** About this exercise **
Give all of the data below again exactly, and drop the images.

** Supplied data **
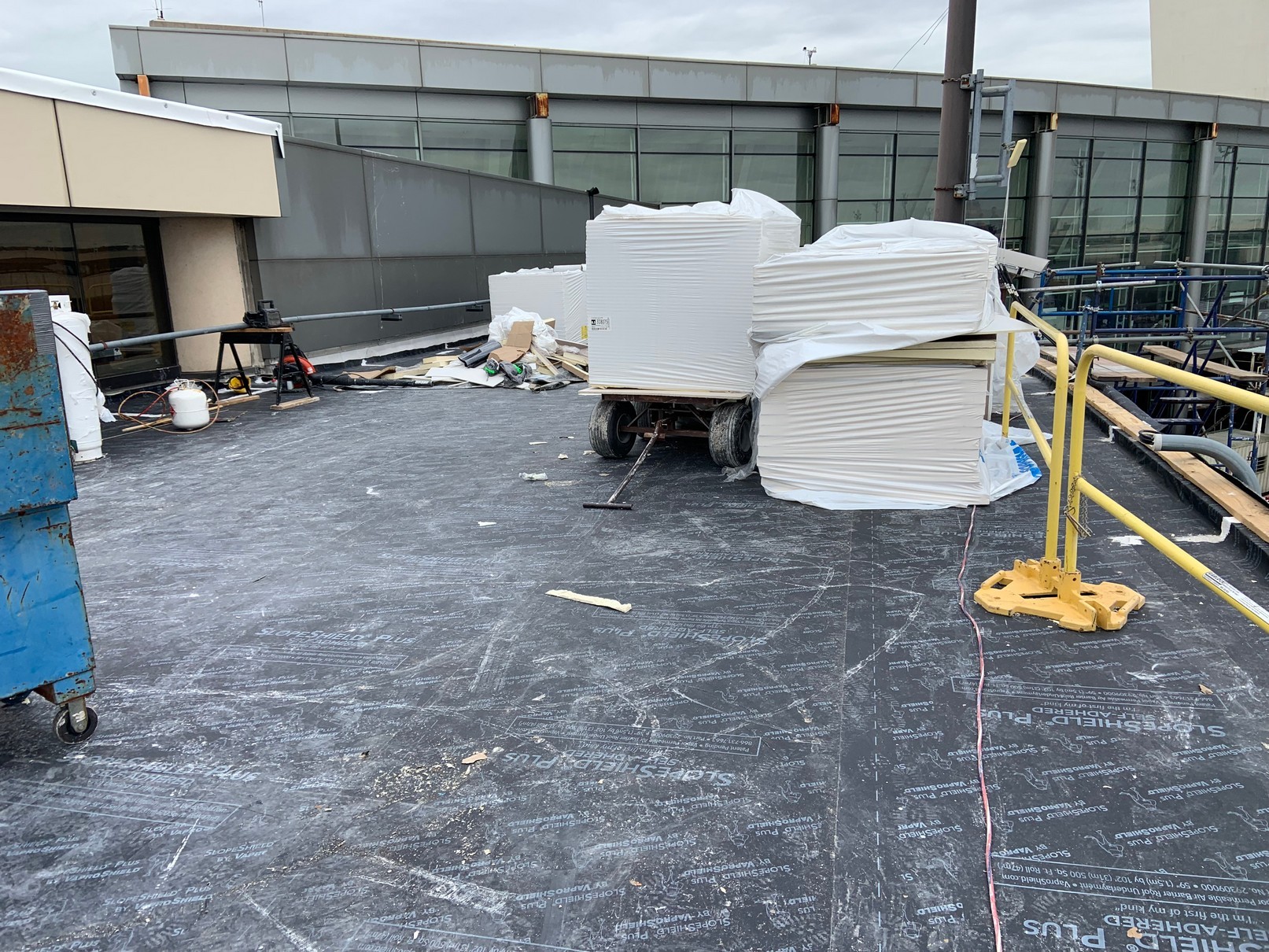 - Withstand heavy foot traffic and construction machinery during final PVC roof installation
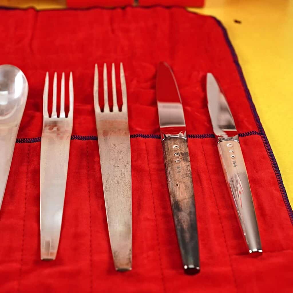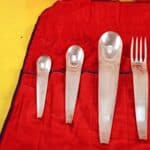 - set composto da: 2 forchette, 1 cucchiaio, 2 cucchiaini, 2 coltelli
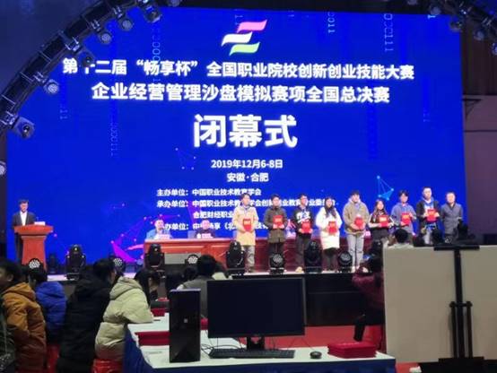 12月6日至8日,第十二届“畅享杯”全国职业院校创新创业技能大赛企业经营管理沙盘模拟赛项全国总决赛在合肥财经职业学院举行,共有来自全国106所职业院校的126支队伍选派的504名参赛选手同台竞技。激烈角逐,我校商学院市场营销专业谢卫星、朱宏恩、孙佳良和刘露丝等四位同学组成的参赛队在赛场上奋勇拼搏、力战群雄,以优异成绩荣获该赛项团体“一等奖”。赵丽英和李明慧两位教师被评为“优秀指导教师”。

** Solved problem **
 - Withstand heavy foot traffic and construction machinery during final PVC roof installation
 - set composto da: 2 forchette, 1 cucchiaio, 2 cucchiaini, 2 coltelli
 12月6日至8日,第十二届“畅享杯”全国职业院校创新创业技能大赛企业经营管理沙盘模拟赛项全国总决赛在合肥财经职业学院举行,共有来自全国106所职业院校的126支队伍选派的504名参赛选手同台竞技。激烈角逐,我校商学院市场营销专业谢卫星、朱宏恩、孙佳良和刘露丝等四位同学组成的参赛队在赛场上奋勇拼搏、力战群雄,以优异成绩荣获该赛项团体“一等奖”。赵丽英和李明慧两位教师被评为“优秀指导教师”。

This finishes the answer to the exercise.